Secure Basic Auth implementation over HTTPS

When using Basic Auth, validate credentials over HTTPS and avoid logging or exposing the header. Use secure, HTTP-only cookies for session management when possible, and avoid sending credentials on every request once authenticated.

# app.rb
require 'sinatra'
require 'base64'
require 'securerandom'

# In production, store credentials hashed in a secure vault or environment variables
VALID_USERNAME = ENV.fetch('API_USER', 'admin')
VALID_PASSWORD_HASH = ENV.fetch('API_PASS_HASH') { BCrypt::Password.create(ENV.fetch('PLAIN_PASSWORD', 'secret')) }

helpers do
  def authenticate!
    # Require Authorization header
    unless request.env['HTTP_AUTHORIZATION']&.start_with?('Basic ')
      halt 401, { 'WWW-Authenticate' => 'Basic realm="API"' }.to_json
    end

    encoded = request.env['HTTP_AUTHORIZATION'].split(' ').last
    decoded = Base64.strict_decode64(encoded)
    username, password = decoded.split(':', 2)

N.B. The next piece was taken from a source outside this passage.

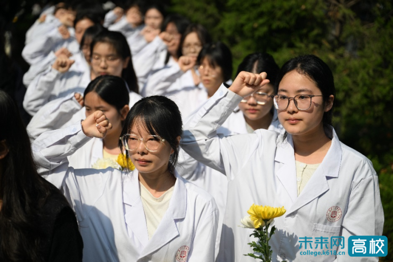 “健康所系,性命相托。当我步入神圣医学学府的时刻,谨庄严宣誓:我志愿献身医学,热爱祖国,忠于人民……”医学生代表举起右拳,用铿锵誓言彰显医者初心,承诺将以精湛医术与高尚医德,不负“无语良师”的无私馈赠。
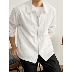 LUUD 简约净纯色亚麻混纺休闲衬衫外套男立体贴袋双拉链翻领夹克

    # Constant-time comparison to reduce timing attack surface
    unless username == VALID_USERNAME && BCrypt::Password.new(VALID_PASSWORD_HASH) == password
      halt 401, { 'WWW-Authenticate' => 'Basic realm="API"' }.to_json
    end
  end
end

# Example protected endpoint
before '/api/*' do
  authenticate!
  # Ensure responses are served over HTTPS
  request.secure? or halt 400, { error: 'HTTPS required' }.to_json
end

get '/api/health' do
  { status: 'ok' }.to_json
end

Complementary protections

• Set the Secure and HttpOnly flags on any cookies used by the application.
• Add HSTS headers to instruct browsers to always use HTTPS.
• Use environment variables or a secrets manager for credentials and hashes; do not hardcode secrets.
• Consider moving from Basic Auth to token-based authentication (e.g., OAuth 2.0 or JWT) for improved security and revocation capabilities.

These code examples align with the remediation guidance provided in middleBrick findings, emphasizing encryption, secure credential handling, and proper use of authentication headers. By combining these application-level changes with network-level protections, the risk associated with ARP spoofing and credential interception is substantially reduced.